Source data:
************

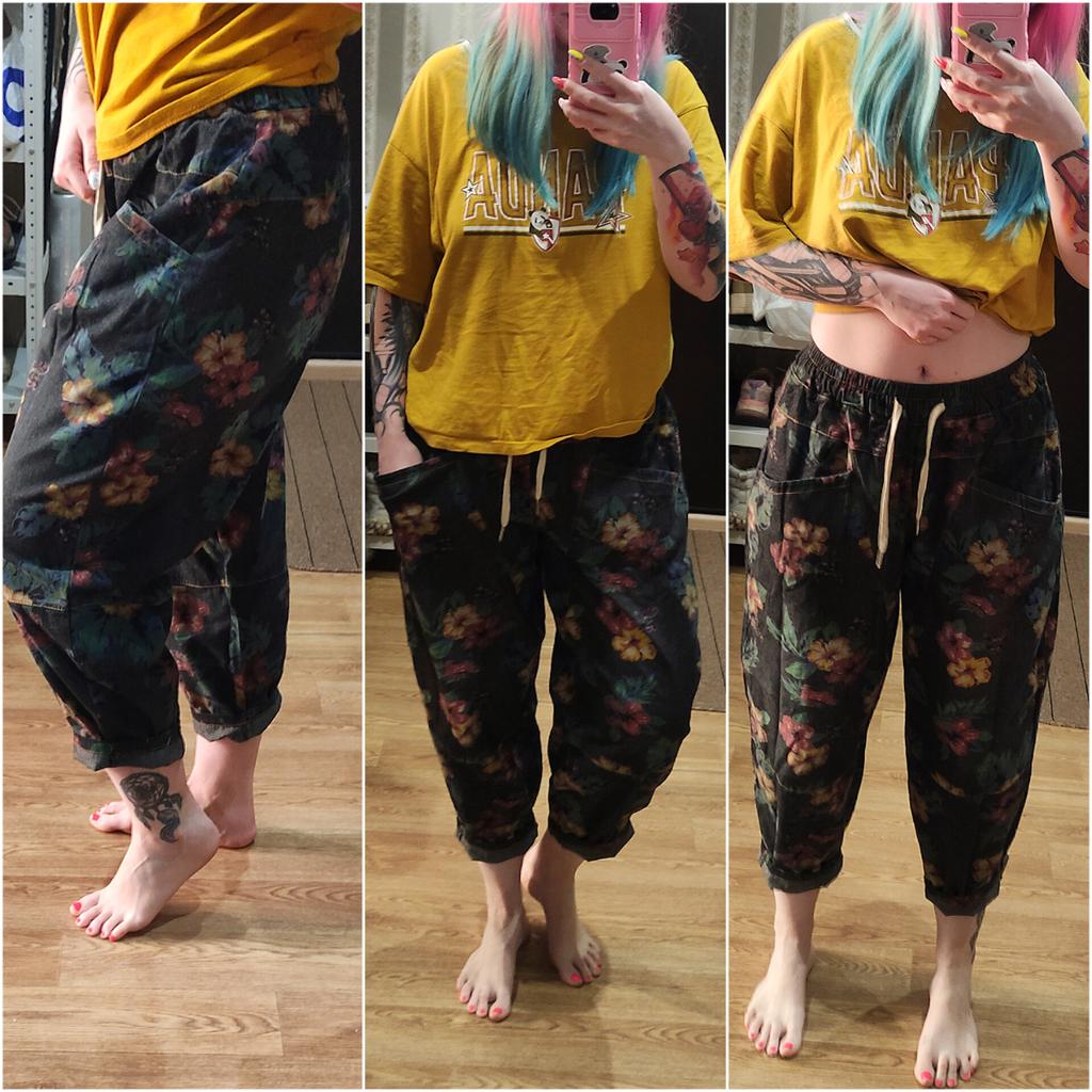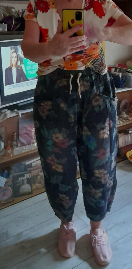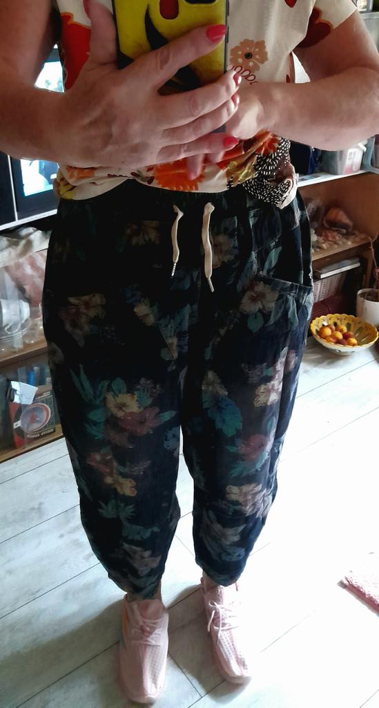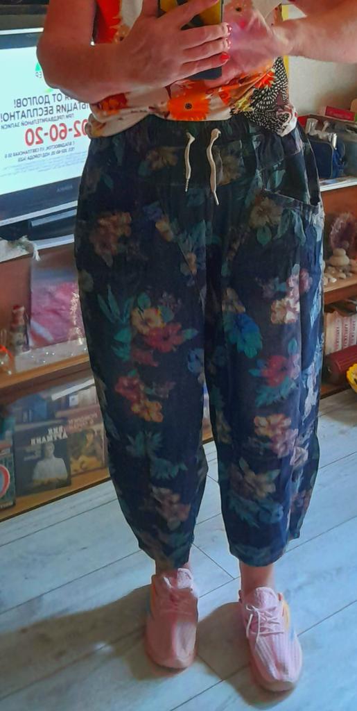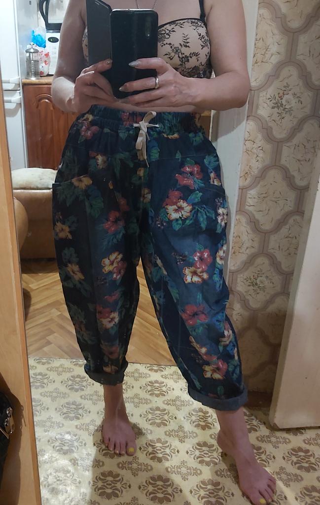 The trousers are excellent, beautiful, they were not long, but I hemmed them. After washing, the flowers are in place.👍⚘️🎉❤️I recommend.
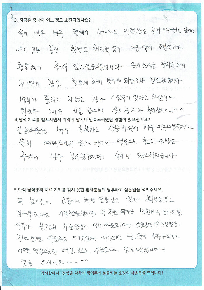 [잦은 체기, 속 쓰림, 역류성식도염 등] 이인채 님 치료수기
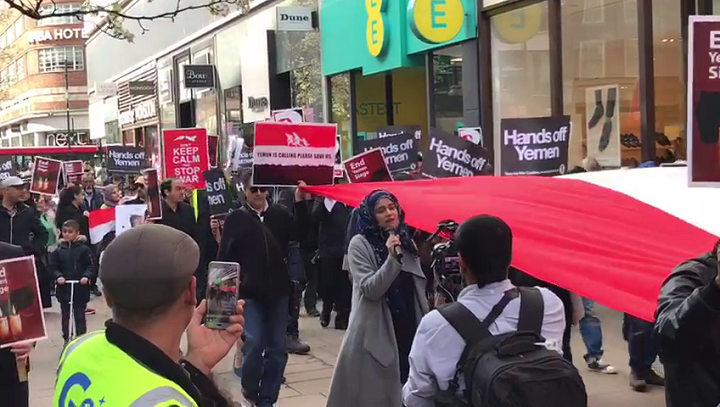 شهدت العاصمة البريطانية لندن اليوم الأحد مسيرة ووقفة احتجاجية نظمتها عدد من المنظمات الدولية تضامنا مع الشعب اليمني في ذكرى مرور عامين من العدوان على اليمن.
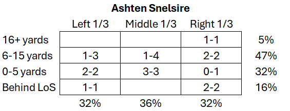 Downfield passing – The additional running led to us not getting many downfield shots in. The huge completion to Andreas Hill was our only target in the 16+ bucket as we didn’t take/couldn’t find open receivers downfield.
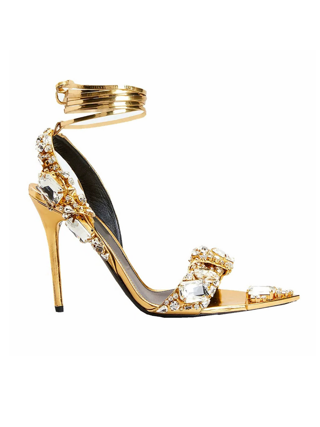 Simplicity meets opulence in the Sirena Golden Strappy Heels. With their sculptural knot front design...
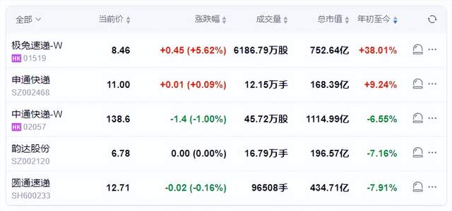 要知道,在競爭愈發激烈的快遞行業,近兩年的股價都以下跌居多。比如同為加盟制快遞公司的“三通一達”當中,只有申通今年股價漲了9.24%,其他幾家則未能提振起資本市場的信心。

************

= What is expected =
An exact copy is needed. It runs from the line above containing "Downfield passing –" down to the line containing "Simplicity meets opulence", both included, with no pictures.

= Result for this exercise =
 Downfield passing – The additional running led to us not getting many downfield shots in. The huge completion to Andreas Hill was our only target in the 16+ bucket as we didn’t take/couldn’t find open receivers downfield.
 Simplicity meets opulence in the Sirena Golden Strappy Heels. With their sculptural knot front design...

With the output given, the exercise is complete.